The Disadvantages Of A Sole Proprietorship

As you can see, there are quite a few advantages to sole proprietorships. But there are several significant disadvantages as well.

  • There Is Unlimited Liability. Sole proprietors are considered risky ventures because sole proprietors are responsible for all business debts and obligations and they are vulnerable to lawsuits. If they are sued, they risk losing all of the business' assets as well as their personal assets which include houses, cars and savings and investment accounts among others.
  • They Can Be Fragile. The business can go away if the owner dies or can no longer work for whatever reason. A fledgling sole proprietorship can be crippled if the owner has to serve jury duty for several weeks or months.
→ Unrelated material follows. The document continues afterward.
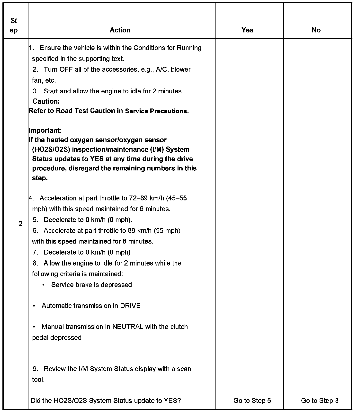 The purpose of this procedure is to satisfy the enable criteria necessary to execute inspection/maintenance (I/M) readiness diagnostics for the Heated Oxygen Sensor/Oxygen Sensor (HO2S/O2S) System. This procedure may be used to set the HO2S/O2S I/M System Status display on the scan tool to YES. The HO2S/O2S I/M System Status display indicates whether or not the control module has completed the readiness diagnostics. The readiness diagnostics complete when all DTCs comprising the diagnostics run and pass, or any DTC comprising the diagnostics illuminates the malfunction indicator lamp (MIL). Once the diagnostics complete, the HO2S/O2S I/m System Status display will be updated to YES.

  • It Can Be Difficult Coming Up With Money. Sole proprietors typically have fewer assets and so they find it more difficult to raise money for expansion and growth. Because they find it difficult to attract investors, they also have a difficult time convincing banks to lend them money. Many sole proprietors rely on their personal savings or on personal loans from family members and friends, according to the Small Business Administration.
  • They Lose Out On Others' Expertise. As we said above, sole proprietors get to make all the decisions and they get to do things their way, but that can present difficulties. The sole proprietor is responsible for all decisions, even in areas in which he is unfamiliar. No one can know everything so this lack of expertise within an area can lead to bad decisions. That puts pressure on him to recognize his weaknesses and get help when he needs it, but many don't do that.
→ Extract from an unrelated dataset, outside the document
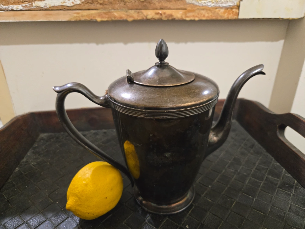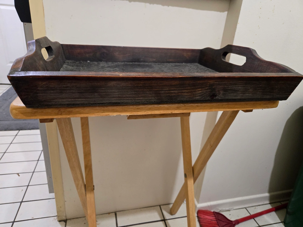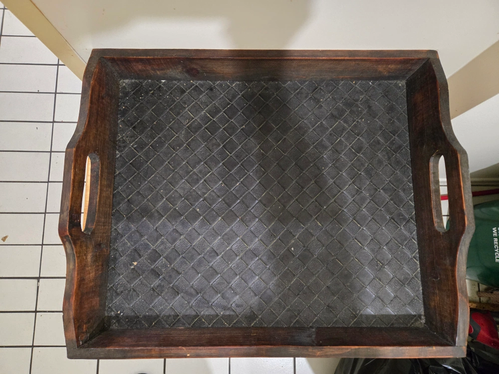 753Large wooden tray with black diamond pattern bottom. Good size for serving. Has two handles on either side. Perfect for serving tea, coffee, or snacks.

  • Taxes. There certainly are tax advantages to a sole proprietorship, but the sole proprietor pays federal taxes on the business' total profits, even when some or all of that profit is put back into the business. On the flip side, the owner of an incorporated business pays federal taxes on profits generated from business dividends, his salary and bonuses while the business pays separate corporate taxes on its retained business profit.
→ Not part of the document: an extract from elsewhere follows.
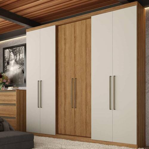 O Guarda-Roupa Presence da THB é feito com MDP 12mm e 15mm, sua pintura é feita com impressão com verniz UV e possui um acabamento acetinado, proporcionando um móvel de qualidade, resistência e durabilidade. A praticidade está em cada detalhe, nas suas 5 prateleiras que suportam entre 3kg e 5kg, nos 2 cabideiros de alumínio, nos 2 maleiros embutidos e nas 2 gavetas com corrediças metálicas que suportam até 5kg! Cor: Almendra

  • They Look Less Professional. Appearance can be important whether we like it or not, and sole proprietorships look less professional than a partnership or a corporation. This can cost the sole proprietor business that he is perfectly able to do and do well.

If you are thinking about starting a sole proprietorship, take these pros and cons into consideration before making a final decision. Doing your homework ahead of time will help you to make the best decision for your business venture.